Secure and Protect Americans' Data Act

This bill requires the Federal Trade Commission (FTC) to promulgate regulations requiring entities regulated by the FTC, common carriers, and nonprofit organizations to establish information security practices for the treatment and protection of personal information.

At least annually, such entities must evaluate their consumer privacy programs to make any appropriate adjustments for changing technologies, threats or vulnerabilities, or business arrangements.

The bill sets forth special procedures for information brokers to: (1) submit security policies to the FTC, (2) provide for post-breach audits, and (3) establish procedures for individuals to review and correct inaccuracies in their personal information. In lieu of procedures that allow individuals to dispute information, an information broker may provide individuals a means of expressing a preference not to have their information used for marketing purposes.

The bill prohibits information brokers from obtaining or disclosing personal information by false pretenses.

Within 10 days following discovery of a security breach, entities must notify:

• the FTC;
• the Federal Bureau of Investigation;
• the U.S. Secret Service;
• for common carriers, the Federal Communications Commission (FCC); and
• attorneys general of affected states.

Within 30 days following a breach, entities must notify individuals who are U.S. citizens or residents whose personal information was, or is reasonably believed to have been, acquired or accessed by an unauthorized person, or used for an unauthorized purpose.

If an entity is required to notify more than 5,000 individuals, the entity must also notify major consumer reporting agencies.
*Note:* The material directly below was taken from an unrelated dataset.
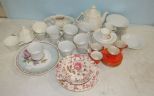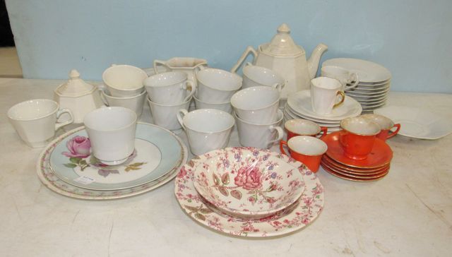 Ceramic tea pitcher, sugar, creamer, plates, Yorkshire cups and saucers, Trico hand painted saucers and cups, Haviland Auclair dish with small chip, Johnson Brothers bowls, Ceramic tea pitcher, sugar, creamer, plates, Yorkshire cups and saucers, Trico hand painted saucers and cups, Haviland Auclair dish with small chip, Johnson Brothers bowls,

An entity must provide notices in print and broadcast media if the affected residents of a state exceed 5,000.

Notices must include information on affected individuals' entitlement to consumer credit reports or credit monitoring services.

The bill exempts entities from notification requirements if the data is unusable, unreadable, or indecipherable.

Entities complying with other federal laws that require substantially similar information security procedures or breach notifications are deemed to be in compliance with the FTC's procedures or the notification requirements of this Act.

Enforcement authority is provided to the FTC and states. States may obtain civil penalties for certain violations.